Cassazione: anche Berlusconi corruttore di giudici

di Redazione Blitz
Pubblicato il 17 settembre 2013 17:19 | Ultimo aggiornamento: 17 settembre 2013 17:33
Cassazione: anche Berlusconi corruttore di giudici

Cassazione: anche Berlusconi corruttore di giudici

ROMA – Anche Berlusconi corruttore di giudici: è quanto scrivono i giudici della Cassazione nella sentenza con la quale bocciano il ricorso della Fininvest contro la Cir di Carlo De Benedetti per il risarcimento del cosiddetto Lodo Mondadori, che agli inizi degli Anni 90 pose fine allo scontro giudiziario-finanziario tra i due imprenditori per il possesso della Arnoldo Mondadori Editore.

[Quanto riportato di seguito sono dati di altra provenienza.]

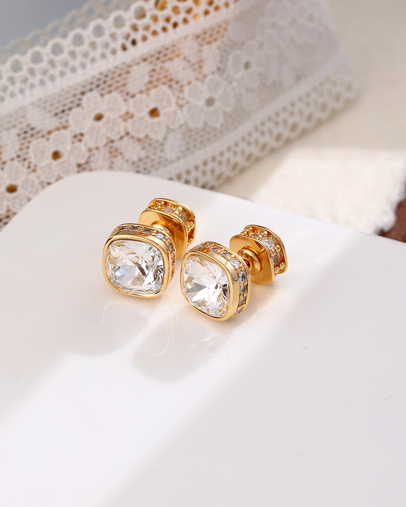 투명 화이트 18K 골드 스퀘어 크리스탈 스터드 귀걸이 [925 실버바늘]

Per i giudici, il risarcimento riconosciuto alla Cir rimane in sostanza confermato anche se con un ritocco al ribasso (di circa 23 milioni di euro) sulla cifra liquidata dai giudici e pari a 564,2 milioni di euro.  “La valutazione complessiva” degli “elementi ed argomenti di prova, condotta ai soli fini civilistici, di ricondurre alla società Fininvest la responsabilità del fatto corruttivo imputabile anche al dott. Berlusconi”, risulta “correttamente motivata”.

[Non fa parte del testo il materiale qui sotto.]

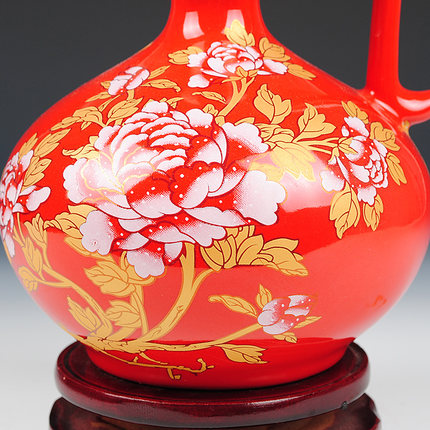 Jingdezhen gourd shape red ceramic vase with peony pattern

La Suprema Corte sottolinea inoltre che la vicenda penale del Lodo Mondadori si è ormai “irrevocabilmente” conclusa per Silvio Berlusconi, che è stato prosciolto per prescrizione.

In primo grado, il giudice Raimondo Mesiano aveva stabilito un risarcimento di 749,9 milioni sostenendo che la Cir aveva subito un danno patrimoniale da perdita di chance. Nel motivo di ricorso di Fininvest che la Cassazione ha accolto si denunciava falsa applicazione del criterio equitativo sul “danno patrimoniale ulteriore”. Il processo penale connesso alla corruzione accertata per il “lodo Mondadori” si è invece concluso senza conseguenze per Silvio Berlusconi dal momento che il reato si è prescritto in secondo grado grazie alla rimodulazione dell’accusa da corruzione in atti giudiziari in corruzione semplice e la concessione delle attenuanti generiche.